The guy was closest to me. His girlfriend was back a bit, towards a table full of people. As the boyfriend jumped up and down and turned to face the stage again, Britney came out of nowhere and smoked him right in the face.

Everyone around them took a step back, and all I could see was Gothic Britney, her fists clenched by her side, panting and glaring drunkenly at this kid beside me. And I thought, Hello, I know you.

It was Baby Momma. (for all intents and purposes).

Bitter, drunk, and looking for a fight. She didn’t even know this kid. She just punched him in the face anyway.

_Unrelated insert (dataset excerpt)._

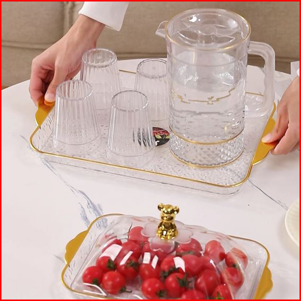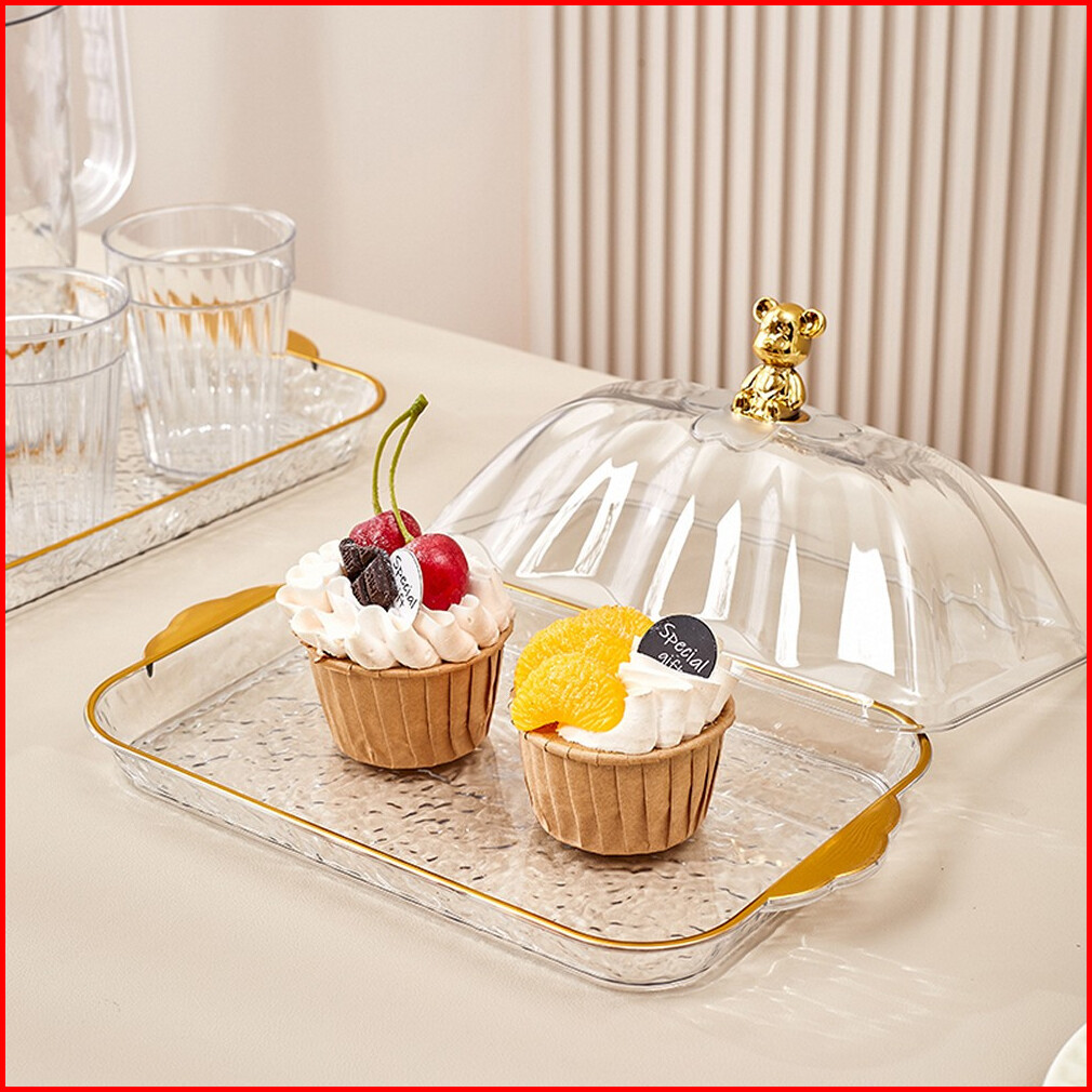 Food Tray Set Nampan Transparan Aesthetic Dengan Tutup Baki Mewah Serving Platters Nampan Saji Handle Wadah Buah Hi C120

Hello, my white trash Baby Momma. How I've missed you, you wretched whoor.

I watched as her girlfriend apologized profusely to the kid, then dragged a screaming Britney out of the club. M and I turned to look at each other for a moment, speechless, before we turned back to watch the rest of the show. Which was amazing, though every time a song ended, I looked around to see if Britney had somehow snuck back in the club. Fight! Fight! Fight!

The Matadors left the stage at the end of their show, then came back out for an encore, which is when Frontman must have put the giant rubber penis down the front of his slacks. He whipped it out for their last song, then at the very end of it, he whacked off his...ahem, pretend rubber penis, and shot some kind of white liquid all over the crowd.

And I thought, Aw, poor Gothic Brintey! She just missed her chance to shine.